What is a function parameter =[] for?

Chris Angelico rosuav at gmail.com
Wed Nov 25 08:50:59 EST 2015


On Wed, Nov 25, 2015 at 11:48 PM, Marko Rauhamaa <marko at pacujo.net> wrote:
> I think "binding" is too fancy a word to be used with conventional
> programming languages like Python. If your programming language has an
> assignment statement, "binding" is even nonsensical. Consider:
>
>    def f(x):
>        x += 1
>        return 2 * x
>
> Now we would have this reduction:
>
>    f(7)
>    =>
>    7 += 1; return 2 * 7
>
> because "x" would be bound to "7" everywhere in the function body.

This is exactly the sort of problem that inevitably happens when you
try to extend mathematics into programming.
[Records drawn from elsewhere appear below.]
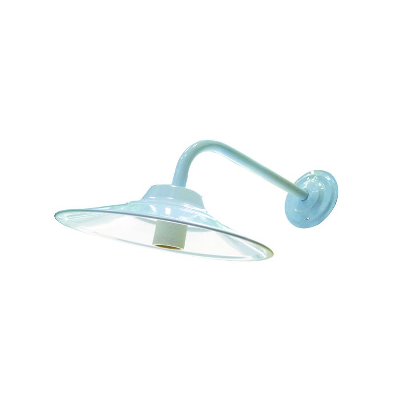 CORPO REFLETOR EM ALUMINIO REPUXADO,26CM,E-27.BRACO EM TUBO DE ACO DIAMETRO 5/8 C/COMPRIMENTO 300MM FIXADO.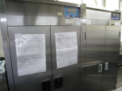 児童数が年々増加し、調理器具や食缶が増えてきたので、夏休みの間に、給食室に新しく消毒保管庫が増設(右側の保管庫)されました。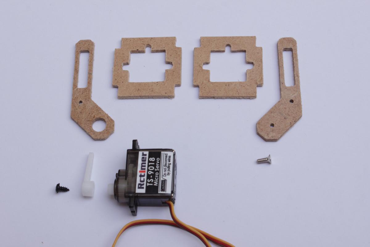Nachdem die Teile mit Heissklebe zusammengeklebt und schwarz angesprüht wurden konnte der Servo dazwischengesteckt und angeschraubt werden.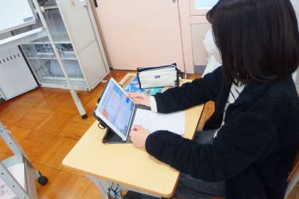 5年生の英語の授業です。 タブレットをサポートに使いつつ、英語で手紙を書いています。

Most branches of
mathematics are simply looking at pure, eternal statements of truth;
if once you discover (or decide) that x is equal to 7, you can
perfectly substitute one for the other in any context. There is no
chronology - x has always been equal to 7, you just didn't know it
until now. It's possible to write code this way, and there are
benefits to it, but as soon as you have an assignment operator, you're
introducing a whole aspect of chronological truth that math lacks, so
some concepts ARE going to need to be modified.

However, that doesn't stop us from making use of terminology, where
it's helpful. We know from grade school that adding two numbers
together and dividing by 2 gives us the average, or the midpoint
between them. Programming languages introduce the notion of adding two
strings together, and also throw the curve-ball at us that sometimes
the average isn't the same as the perfect mathematical average (due to
rounding or other issues). But we'll still call that operation adding,
and we'll still have avg() functions that do what we broadly expect.